另外,本实施例中,具体采用分位数处理法从根据所述预设频段筛选出的多个能量比和频率相干值中进一步进行能量比和频率相干值的筛选,但是此处并非唯一性限定,实际上,根据双端通话检测方案的应用场景,可以根据场景的需求从根据所述预设频段筛选出的多个能量比和频率相干值中进一步进行能量比和频率相干值的筛选。
再者,本实施例中,具体判断所述近端数字语音信号y(n)中是否还存在近端说话者的数字语音信号s(n)的方法,并非唯一性限定,实际上,根据双端通话检测方案的应用场景,可以根据场景的需求设定更加精确的判断方式。
上述实施例中,主要以在频域实现为例进行说明的。但是,在上述实施例的启发下,本领域普通技术人员也可以在不偏离本申请思想的前提下,在时域上实现。
另外,上述实施例中记载的具体公式,仅仅是示例并非唯一性限定,在不偏离本申请思想的前提下,本领域普通技术人员可对其进行变形。
另外,在上述实施例中,是以需要确定所述远端数字语音信号与所述近端数字语音信号之间的所述能量比,以及所述近端数字语音信号与所述远端数字语音信号之间的所述频率相干值为例进行说明。但是,对于本领域普通技术人员来说,如果在该方案执行时,已经确定好了所述能量比和所述频率相干值的话,则可以直接省略确定所述能量比和所述频率相干值。且如果需要确定所述能量比和所述频率相干值,上述实施例以根据远端数字语音信号与近端数字语音信号对应的功率来分别确定所述远端数字语音信号与所述近端数字语音信号之间的所述能量比,以及所述近端数字语音信号与所述远端数字语音信号之间的所述频率相干值的方式为例。该功率具体可以从功率谱中可获得为例进行说明。实际上,对于本领域普通技术人员来说,从整个技术方案上来看,从功率谱去获得所述功率仅仅是举例,可替代地,也可以以查表的方式获得功率。

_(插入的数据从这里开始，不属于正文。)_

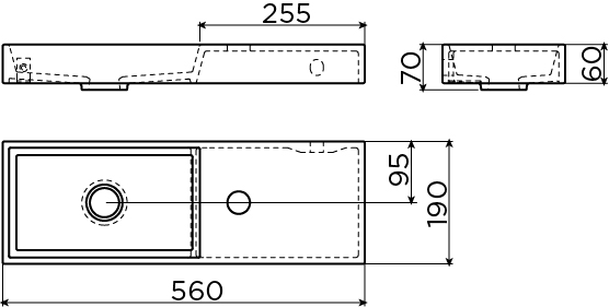 Clou Mini Wash Me fontein met kraangat rechts wit keramiek B56xH6xD19cm

本申请实施例的上述技术方案可以具体用的各种类型的电子设备上,该电子设备以多种形式存在,包括但不限于:
(1)移动通信设备:这类设备的特点是具备移动通信功能,并且以提供话音、数据通信为主要目标。这类终端包括:智能手机(例如iPhone)、多媒体手机、功能性手机,以及低端手机等。
(2)超移动个人计算机设备:这类设备属于个人计算机的范畴,有计算和处理 功能,一般也具备移动上网特性。这类终端包括:PDA、MID和UMPC设备等,例如iPad。
(3)便携式娱乐设备:这类设备可以显示和播放多媒体内容。该类设备包括:音频、视频播放器(例如iPod),掌上游戏机,电子书,以及智能玩具和便携式车载导航设备。
(4)其他具有数据交互功能的电子装置。
至此,已经对本主题的特定实施例进行了描述。其它实施例在所附权利要求书的范围内。在一些情况下,在权利要求书中记载的动作可以按照不同的顺序来执行并且仍然可以实现期望的结果。另外,在附图中描绘的过程不一定要求示出的特定顺序或者连续顺序,以实现期望的结果。在某些实施方式中,多任务处理和并行处理可以是有利的。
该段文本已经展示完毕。